Tomas Matza is Associate Professor of Anthropology at the University of Pittsburgh. His first book, Shock Therapy: Psychology, Precarity, and Well-Being in Postsocialist Russia (2018), draws on fieldwork in St. Petersburg, Russia, where he explored the psychotherapy boom that followed the collapse of the Soviet Union. This involved ethnographic research in psychological assistance organizations for children and adults, media analysis, and extensive interviews. The book examines how new ideas and practices of selfhood, and what he calls “precarious care,” have emerged alongside Russia’s political and economic transformations following the collapse of the USSR. Shock Therapy describes the various political afterlives of psychotherapeutic care, which is now practiced as: a marketable commodity, a technique of biopolitical management, and a means to personal healing. These transformations in the nature of care have, in turn, turned the “self” into a site of political and economic production, providing practitioners with new forms of geographic and class mobility, but also creating new means of social differentiation among clients.

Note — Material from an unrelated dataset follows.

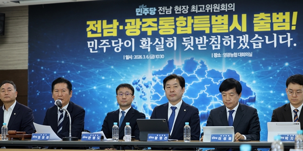 정 대표는 6일 전남 영광군 영광농협에서 열린 현장 최고위원회에서 "특별법안 통과로 만들어질 전남·광주 통합특별시는 서울특별시에 준하는 지위를 갖게 됨으로써 대한민국 지방 주도 성장을 선도하는 첫 사례가 될 것"이라고 말했다.

The Work of Care in Russia

This speaker series, organized by Svetlana Borodina and co-sponsored by the IU Russian Studies Workshop, will explore how Soviet and post-Soviet Russian care workers have been sustaining lives, and why sometimes their efforts hurt rather than heal. Our speakers include historians and anthropologists who will discuss the global and domestic pressures and victories of post/socialist care work in Russia. We invite you to learn about the controversial work of Soviet defectologists, the operations of the notorious system of institutionalized care for disabled people in contemporary Russia, the labors of traditional Buryat healers, the mental health care industry, and the addiction treatment sector of Russian health care.